- Required action: Starting with the first line of the listing, quote each line exactly until and including the one with "Планшет-трансформер с зажимом", leaving pictures out.

- Data section:
====================
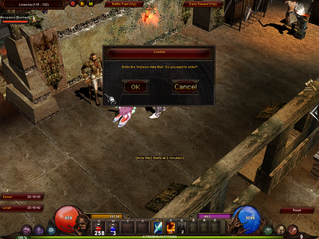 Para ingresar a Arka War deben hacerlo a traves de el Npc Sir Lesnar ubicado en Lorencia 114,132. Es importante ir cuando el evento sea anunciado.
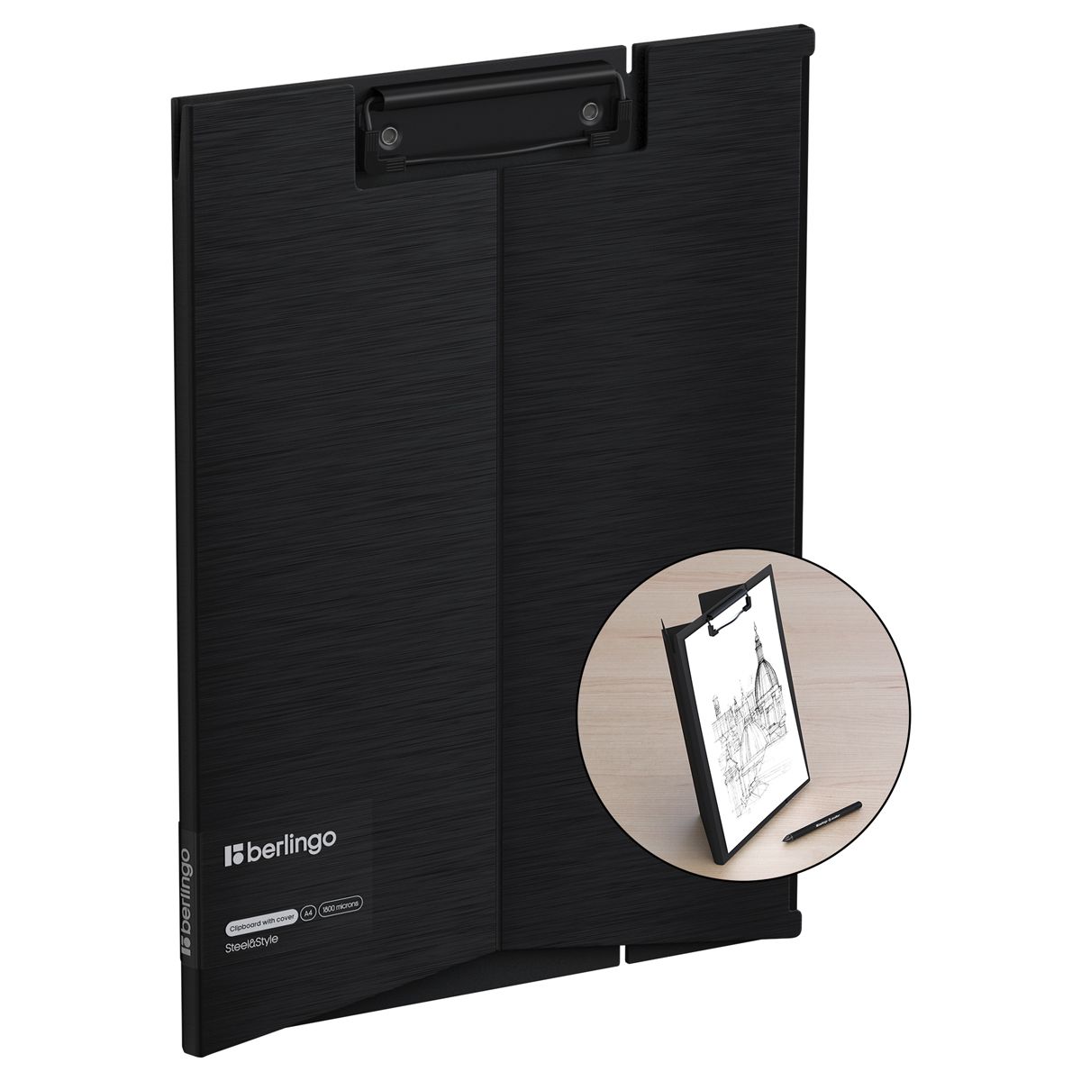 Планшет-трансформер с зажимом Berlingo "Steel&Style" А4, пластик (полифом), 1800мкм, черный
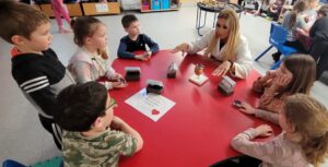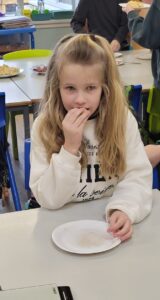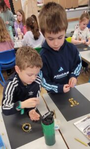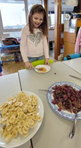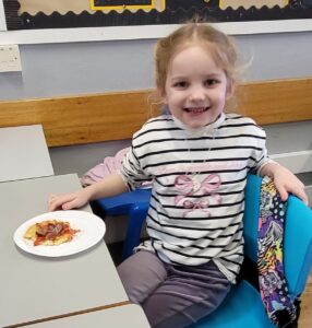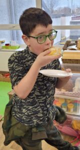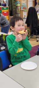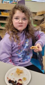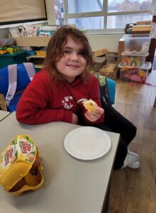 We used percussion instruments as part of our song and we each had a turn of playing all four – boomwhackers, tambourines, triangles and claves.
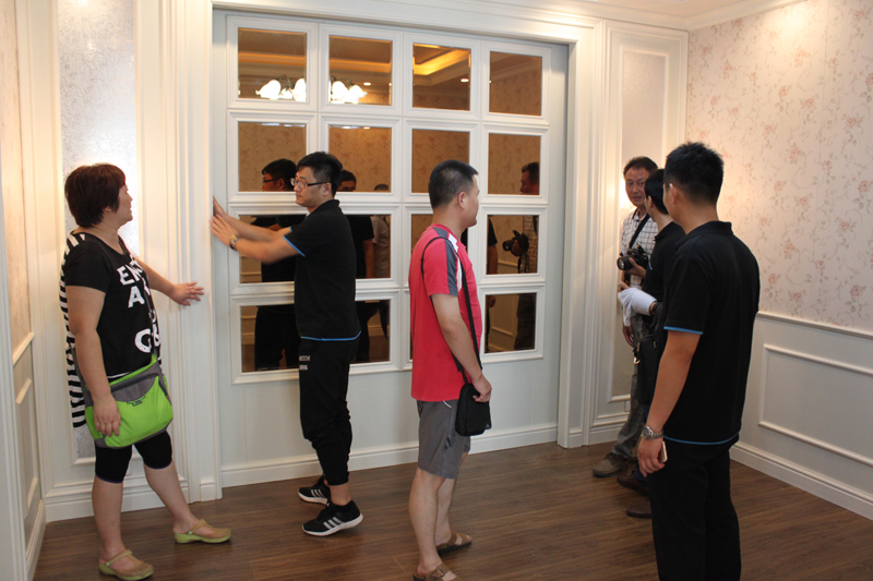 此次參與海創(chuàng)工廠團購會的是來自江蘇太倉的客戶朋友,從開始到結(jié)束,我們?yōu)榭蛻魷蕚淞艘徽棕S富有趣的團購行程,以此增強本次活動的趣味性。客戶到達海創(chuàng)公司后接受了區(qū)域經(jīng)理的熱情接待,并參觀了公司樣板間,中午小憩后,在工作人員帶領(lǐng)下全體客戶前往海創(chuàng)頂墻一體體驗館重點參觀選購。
====================
- Answer box:
 Para ingresar a Arka War deben hacerlo a traves de el Npc Sir Lesnar ubicado en Lorencia 114,132. Es importante ir cuando el evento sea anunciado.
 Планшет-трансформер с зажимом Berlingo "Steel&Style" А4, пластик (полифом), 1800мкм, черный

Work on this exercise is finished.